| Instructions to follow |
What do the lines say from the one containing "Step into your" to the end of the records? Restate them word for word, and only those.

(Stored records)
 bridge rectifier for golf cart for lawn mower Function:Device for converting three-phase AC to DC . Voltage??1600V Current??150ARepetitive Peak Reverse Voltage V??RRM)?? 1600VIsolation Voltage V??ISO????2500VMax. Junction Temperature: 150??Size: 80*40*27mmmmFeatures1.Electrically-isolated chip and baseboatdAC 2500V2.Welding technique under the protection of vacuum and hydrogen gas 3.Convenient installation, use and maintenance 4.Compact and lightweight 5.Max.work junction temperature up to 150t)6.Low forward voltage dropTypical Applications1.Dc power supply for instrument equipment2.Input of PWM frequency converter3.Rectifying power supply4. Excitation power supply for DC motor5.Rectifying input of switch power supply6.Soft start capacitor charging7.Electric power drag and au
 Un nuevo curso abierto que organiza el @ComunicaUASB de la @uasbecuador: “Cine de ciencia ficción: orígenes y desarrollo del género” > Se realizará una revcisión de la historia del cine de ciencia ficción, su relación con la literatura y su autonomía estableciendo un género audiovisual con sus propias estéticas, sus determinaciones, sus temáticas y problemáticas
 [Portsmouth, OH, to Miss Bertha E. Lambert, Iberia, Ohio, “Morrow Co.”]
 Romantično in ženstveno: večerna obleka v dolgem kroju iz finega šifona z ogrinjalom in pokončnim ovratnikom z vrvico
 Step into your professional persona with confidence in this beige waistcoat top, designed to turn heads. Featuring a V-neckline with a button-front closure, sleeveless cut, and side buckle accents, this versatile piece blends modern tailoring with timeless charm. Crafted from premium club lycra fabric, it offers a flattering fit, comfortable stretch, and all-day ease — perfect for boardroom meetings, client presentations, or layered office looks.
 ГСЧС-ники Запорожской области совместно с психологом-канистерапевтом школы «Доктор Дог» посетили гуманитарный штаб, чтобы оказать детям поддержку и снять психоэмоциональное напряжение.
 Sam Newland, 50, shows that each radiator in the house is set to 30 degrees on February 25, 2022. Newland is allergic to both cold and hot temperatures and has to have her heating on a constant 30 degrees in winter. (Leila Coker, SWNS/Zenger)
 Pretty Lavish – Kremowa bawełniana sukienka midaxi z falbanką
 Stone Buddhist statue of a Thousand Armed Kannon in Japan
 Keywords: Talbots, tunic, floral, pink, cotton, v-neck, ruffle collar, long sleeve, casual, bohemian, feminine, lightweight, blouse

| Your solution |
 Step into your professional persona with confidence in this beige waistcoat top, designed to turn heads. Featuring a V-neckline with a button-front closure, sleeveless cut, and side buckle accents, this versatile piece blends modern tailoring with timeless charm. Crafted from premium club lycra fabric, it offers a flattering fit, comfortable stretch, and all-day ease — perfect for boardroom meetings, client presentations, or layered office looks.
 ГСЧС-ники Запорожской области совместно с психологом-канистерапевтом школы «Доктор Дог» посетили гуманитарный штаб, чтобы оказать детям поддержку и снять психоэмоциональное напряжение.
 Sam Newland, 50, shows that each radiator in the house is set to 30 degrees on February 25, 2022. Newland is allergic to both cold and hot temperatures and has to have her heating on a constant 30 degrees in winter. (Leila Coker, SWNS/Zenger)
 Pretty Lavish – Kremowa bawełniana sukienka midaxi z falbanką
 Stone Buddhist statue of a Thousand Armed Kannon in Japan
 Keywords: Talbots, tunic, floral, pink, cotton, v-neck, ruffle collar, long sleeve, casual, bohemian, feminine, lightweight, blouse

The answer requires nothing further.